Exercise objective
All of the data, except its images, should be set down exactly as it appears.

Data below
_ _ _ _ _ _ _

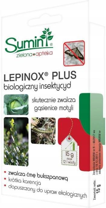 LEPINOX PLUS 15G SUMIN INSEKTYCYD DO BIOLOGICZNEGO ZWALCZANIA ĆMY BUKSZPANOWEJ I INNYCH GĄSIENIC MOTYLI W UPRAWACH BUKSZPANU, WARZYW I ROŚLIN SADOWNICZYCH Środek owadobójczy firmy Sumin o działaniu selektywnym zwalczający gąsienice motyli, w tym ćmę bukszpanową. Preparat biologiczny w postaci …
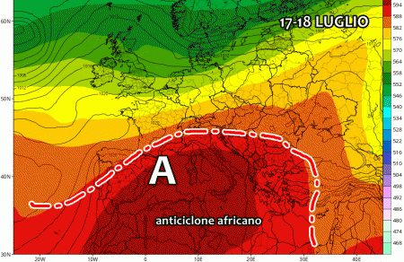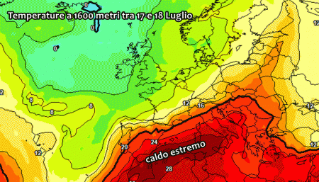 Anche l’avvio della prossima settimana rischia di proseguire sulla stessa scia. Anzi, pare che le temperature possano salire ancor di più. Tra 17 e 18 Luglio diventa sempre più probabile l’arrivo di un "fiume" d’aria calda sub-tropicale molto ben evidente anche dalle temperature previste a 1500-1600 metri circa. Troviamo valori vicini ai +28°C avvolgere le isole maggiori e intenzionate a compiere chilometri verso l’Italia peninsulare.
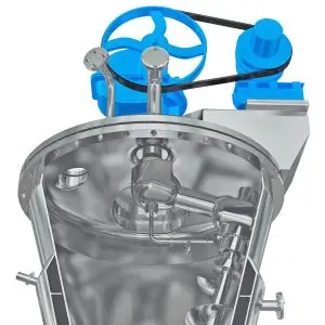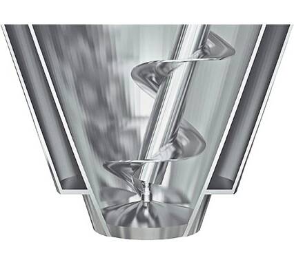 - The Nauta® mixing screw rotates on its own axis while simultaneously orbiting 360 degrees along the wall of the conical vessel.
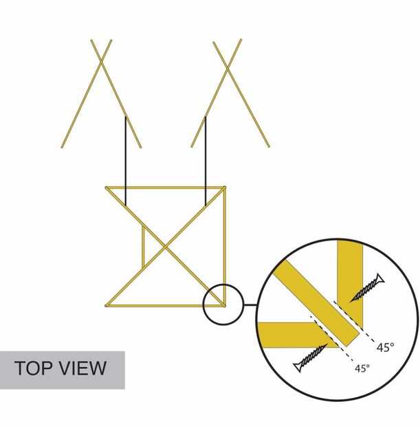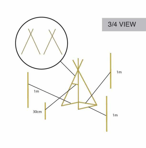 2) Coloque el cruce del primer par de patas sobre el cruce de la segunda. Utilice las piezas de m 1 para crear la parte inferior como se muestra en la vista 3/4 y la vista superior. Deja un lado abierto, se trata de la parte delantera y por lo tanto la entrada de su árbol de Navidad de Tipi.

_ _ _ _ _ _ _

Response area
 LEPINOX PLUS 15G SUMIN INSEKTYCYD DO BIOLOGICZNEGO ZWALCZANIA ĆMY BUKSZPANOWEJ I INNYCH GĄSIENIC MOTYLI W UPRAWACH BUKSZPANU, WARZYW I ROŚLIN SADOWNICZYCH Środek owadobójczy firmy Sumin o działaniu selektywnym zwalczający gąsienice motyli, w tym ćmę bukszpanową. Preparat biologiczny w postaci …
 Anche l’avvio della prossima settimana rischia di proseguire sulla stessa scia. Anzi, pare che le temperature possano salire ancor di più. Tra 17 e 18 Luglio diventa sempre più probabile l’arrivo di un "fiume" d’aria calda sub-tropicale molto ben evidente anche dalle temperature previste a 1500-1600 metri circa. Troviamo valori vicini ai +28°C avvolgere le isole maggiori e intenzionate a compiere chilometri verso l’Italia peninsulare.
 - The Nauta® mixing screw rotates on its own axis while simultaneously orbiting 360 degrees along the wall of the conical vessel.
 2) Coloque el cruce del primer par de patas sobre el cruce de la segunda. Utilice las piezas de m 1 para crear la parte inferior como se muestra en la vista 3/4 y la vista superior. Deja un lado abierto, se trata de la parte delantera y por lo tanto la entrada de su árbol de Navidad de Tipi.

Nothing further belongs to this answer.